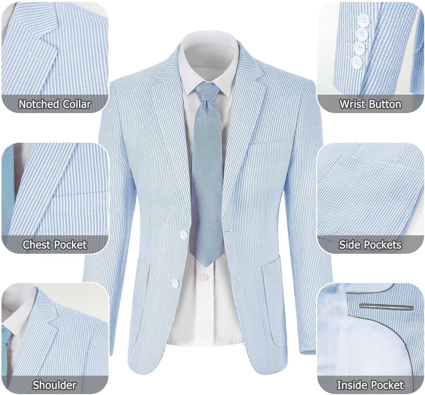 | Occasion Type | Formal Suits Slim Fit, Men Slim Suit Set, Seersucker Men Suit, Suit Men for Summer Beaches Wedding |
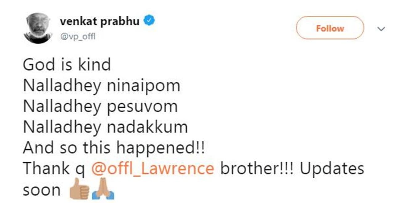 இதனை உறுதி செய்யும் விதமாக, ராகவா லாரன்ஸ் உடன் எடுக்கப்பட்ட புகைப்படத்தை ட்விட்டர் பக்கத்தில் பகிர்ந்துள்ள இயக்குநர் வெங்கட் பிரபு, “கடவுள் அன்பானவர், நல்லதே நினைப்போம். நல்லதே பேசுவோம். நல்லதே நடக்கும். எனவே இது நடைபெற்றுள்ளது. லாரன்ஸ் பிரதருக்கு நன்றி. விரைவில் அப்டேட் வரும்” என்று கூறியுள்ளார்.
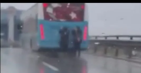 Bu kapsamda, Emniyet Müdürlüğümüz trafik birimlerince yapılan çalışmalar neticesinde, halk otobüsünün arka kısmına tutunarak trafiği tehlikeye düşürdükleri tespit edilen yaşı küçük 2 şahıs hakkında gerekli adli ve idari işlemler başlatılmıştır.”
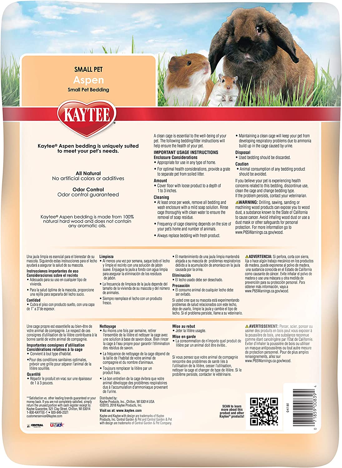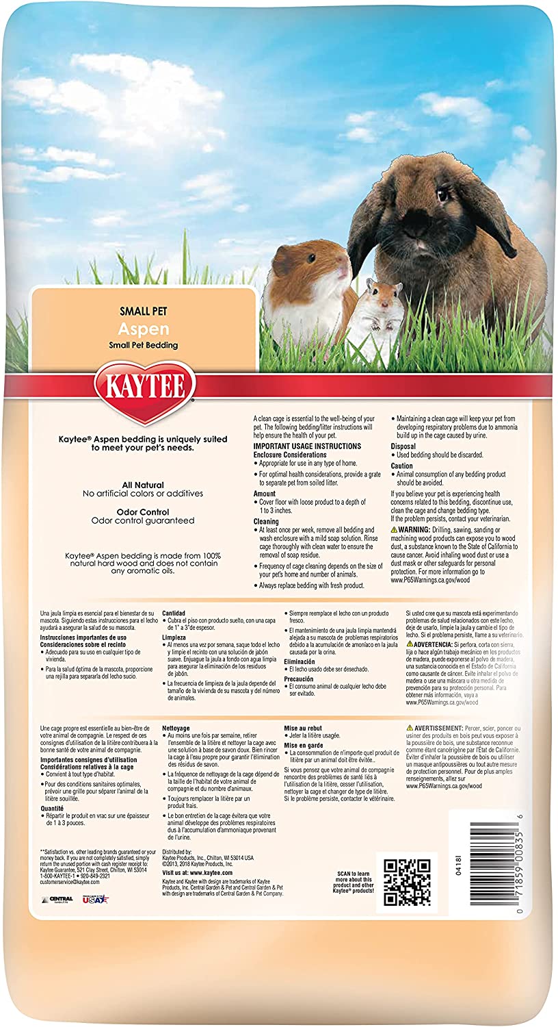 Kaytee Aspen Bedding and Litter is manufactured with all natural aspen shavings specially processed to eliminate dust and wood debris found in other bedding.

☆ ☆ ☆ ☆ ☆ ☆ ☆

**Exercise requirements:** Nothing but the lines from the one that contains "இதனை உறுதி செய்யும்" through the last line of the material should be written out, exactly. Omit pictures.

**Exercise solution:**
 இதனை உறுதி செய்யும் விதமாக, ராகவா லாரன்ஸ் உடன் எடுக்கப்பட்ட புகைப்படத்தை ட்விட்டர் பக்கத்தில் பகிர்ந்துள்ள இயக்குநர் வெங்கட் பிரபு, “கடவுள் அன்பானவர், நல்லதே நினைப்போம். நல்லதே பேசுவோம். நல்லதே நடக்கும். எனவே இது நடைபெற்றுள்ளது. லாரன்ஸ் பிரதருக்கு நன்றி. விரைவில் அப்டேட் வரும்” என்று கூறியுள்ளார்.
 Bu kapsamda, Emniyet Müdürlüğümüz trafik birimlerince yapılan çalışmalar neticesinde, halk otobüsünün arka kısmına tutunarak trafiği tehlikeye düşürdükleri tespit edilen yaşı küçük 2 şahıs hakkında gerekli adli ve idari işlemler başlatılmıştır.”
 Kaytee Aspen Bedding and Litter is manufactured with all natural aspen shavings specially processed to eliminate dust and wood debris found in other bedding.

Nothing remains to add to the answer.